Investors with an interest in Financial - Consumer Loans stocks have likely encountered both Lexinfintech Holdings (LX - Free Report) and First Cash Financial Services (FCFS - Free Report) . But which of these two stocks presents investors with the better value opportunity right now? Let's take a closer look.
There are plenty of strategies for discovering value stocks, but we have found that pairing a strong Zacks Rank with an impressive grade in the Value category of our Style Scores system produces the best returns. The Zacks Rank favors stocks with strong earnings estimate revision trends, and our Style Scores highlight companies with specific traits.

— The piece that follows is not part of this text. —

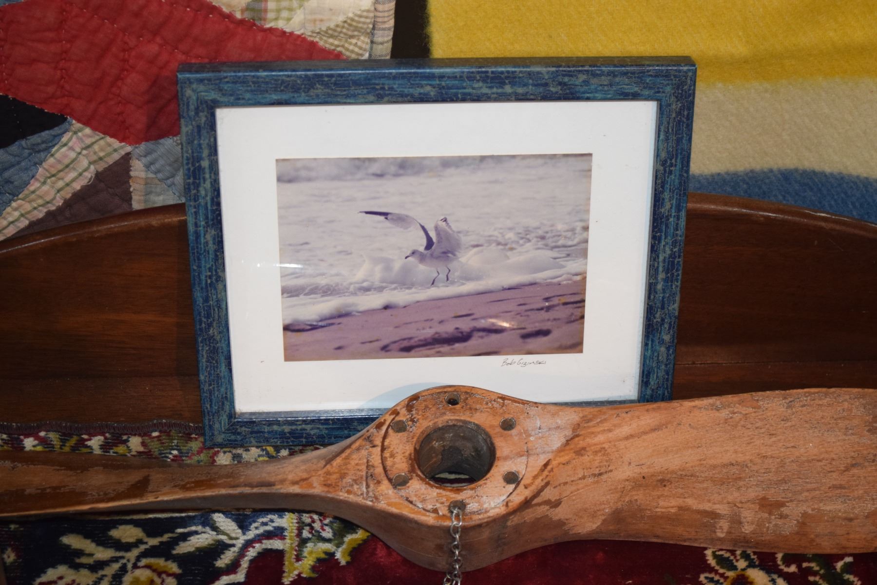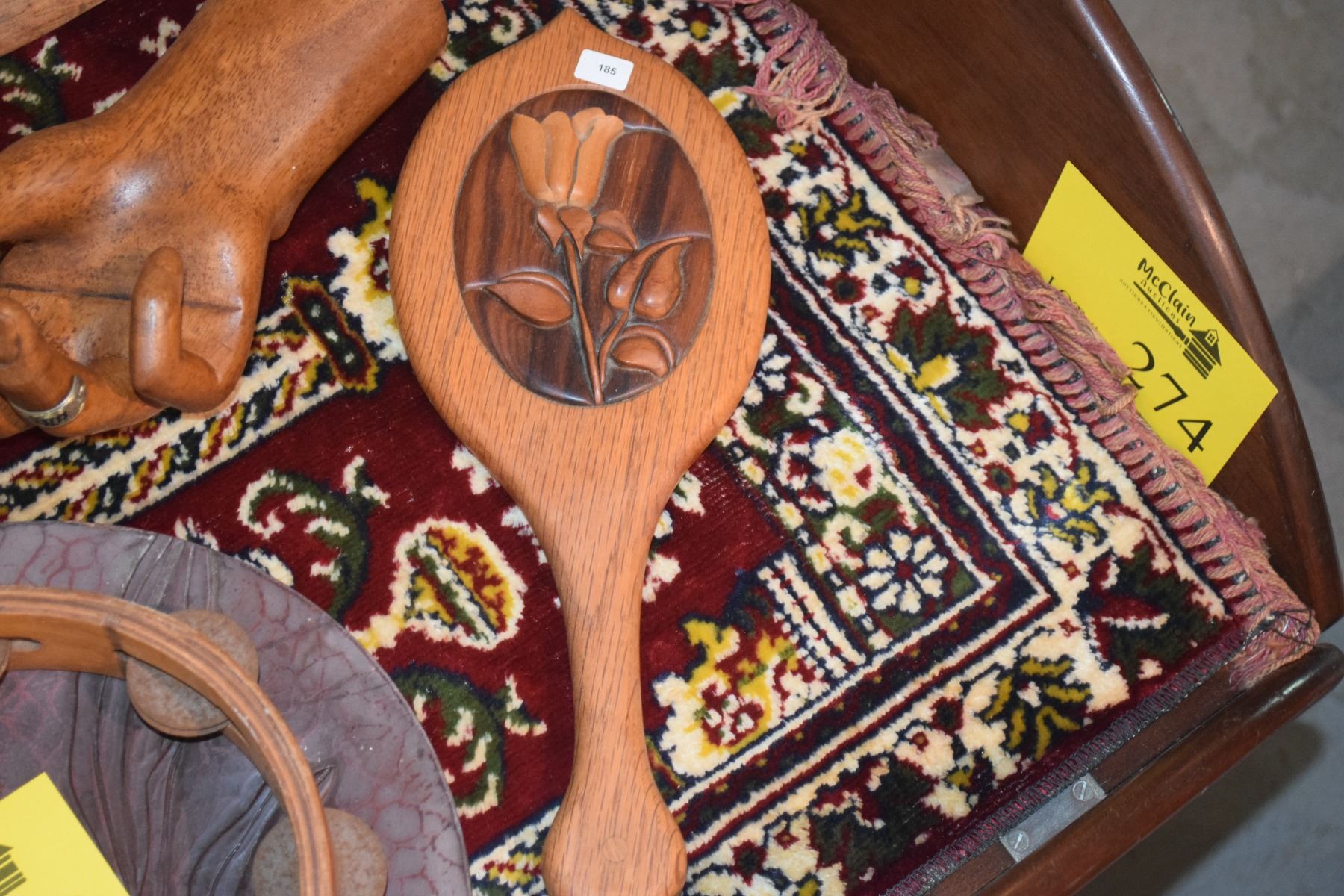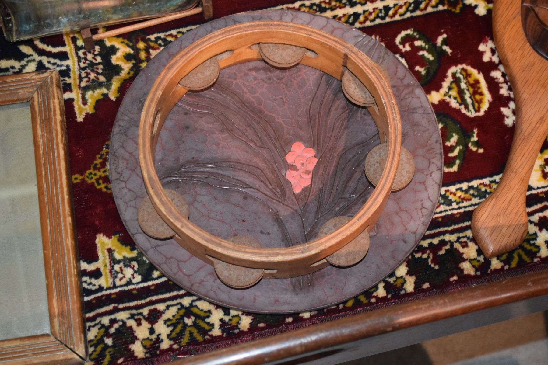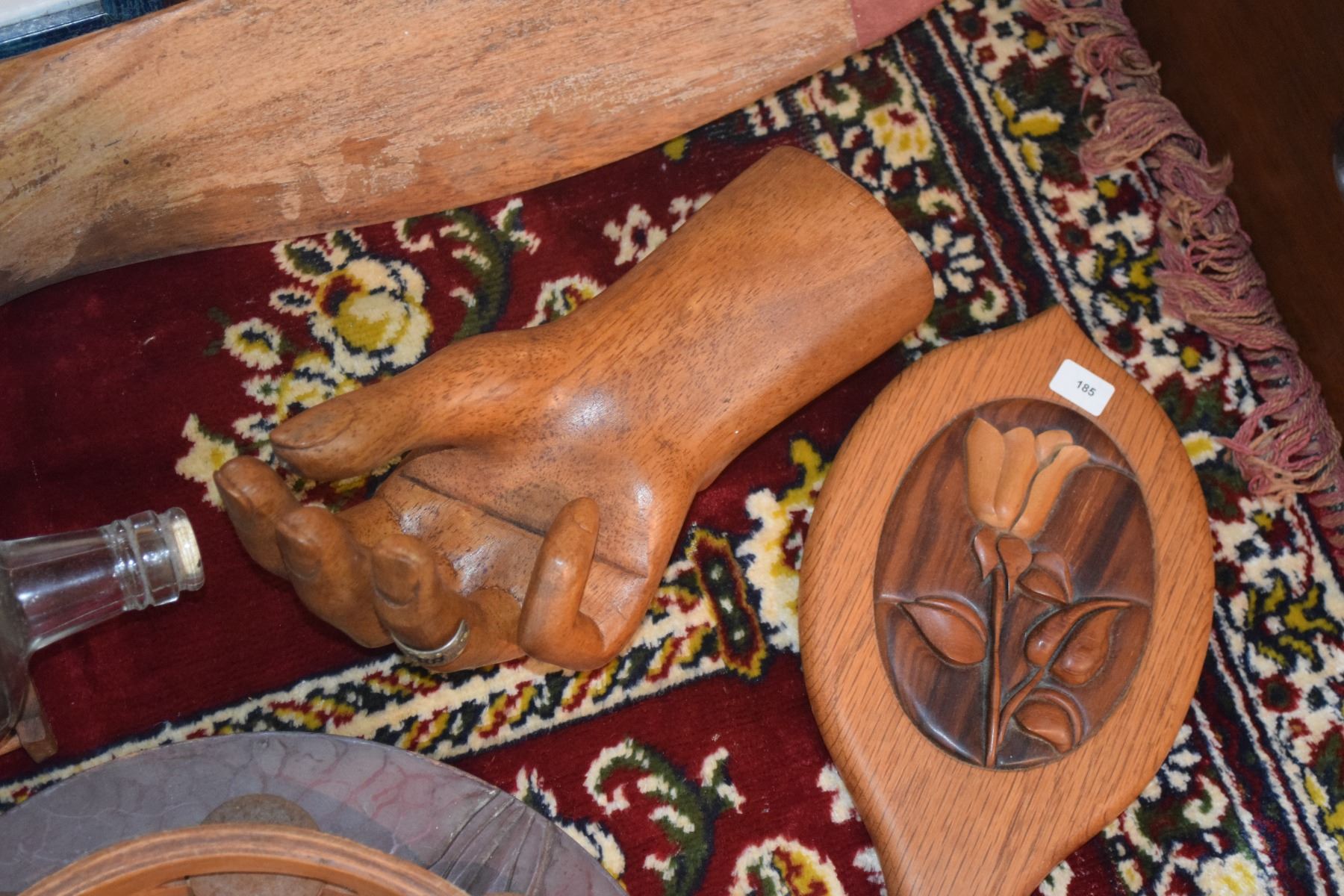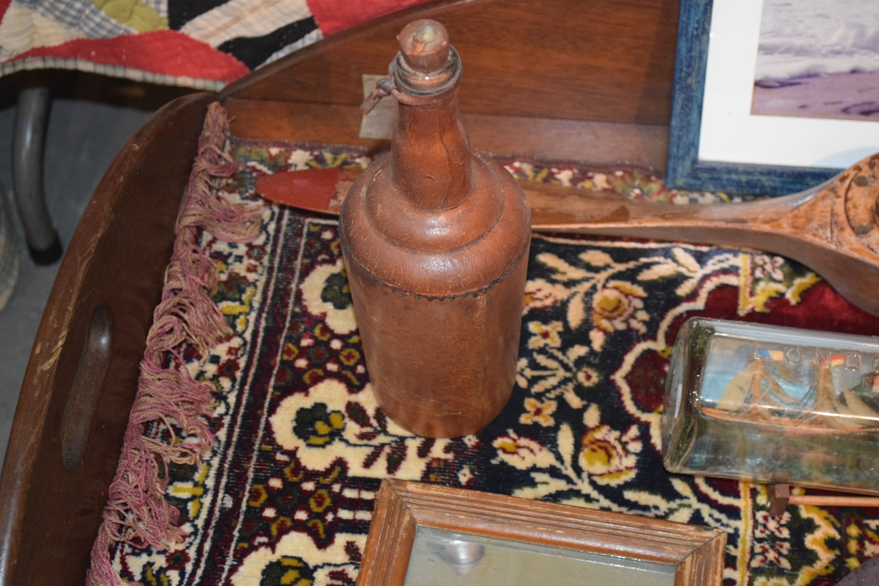 MIXED LOT: TAMBOURINE, MIRRORS, SHIP IN BOTTLE, PROPELLER, PLATE, BOTTLE, WOOD HAND & MAT (9 PCS)

Right now, Lexinfintech Holdings is sporting a Zacks Rank of #2 (Buy), while First Cash Financial Services has a Zacks Rank of #3 (Hold). This means that LX's earnings estimate revision activity has been more impressive, so investors should feel comfortable with its improving analyst outlook. However, value investors will care about much more than just this.
Value investors also tend to look at a number of traditional, tried-and-true figures to help them find stocks that they believe are undervalued at their current share price levels.
The Style Score Value grade factors in a variety of key fundamental metrics, including the popular P/E ratio, P/S ratio, earnings yield, cash flow per share, and a number of other key stats that are commonly used by value investors.
LX currently has a forward P/E ratio of 5.04, while FCFS has a forward P/E of 22.97. We also note that LX has a PEG ratio of 0.37. This metric is used similarly to the famous P/E ratio, but the PEG ratio also takes into account the stock's expected earnings growth rate. FCFS currently has a PEG ratio of 1.53.
Another notable valuation metric for LX is its P/B ratio of 2.03. The P/B is a method of comparing a stock's market value to its book value, which is defined as total assets minus total liabilities. By comparison, FCFS has a P/B of 2.90.
These metrics, and several others, help LX earn a Value grade of A, while FCFS has been given a Value grade of C.
LX has seen stronger estimate revision activity and sports more attractive valuation metrics than FCFS, so it seems like value investors will conclude that LX is the superior option right now.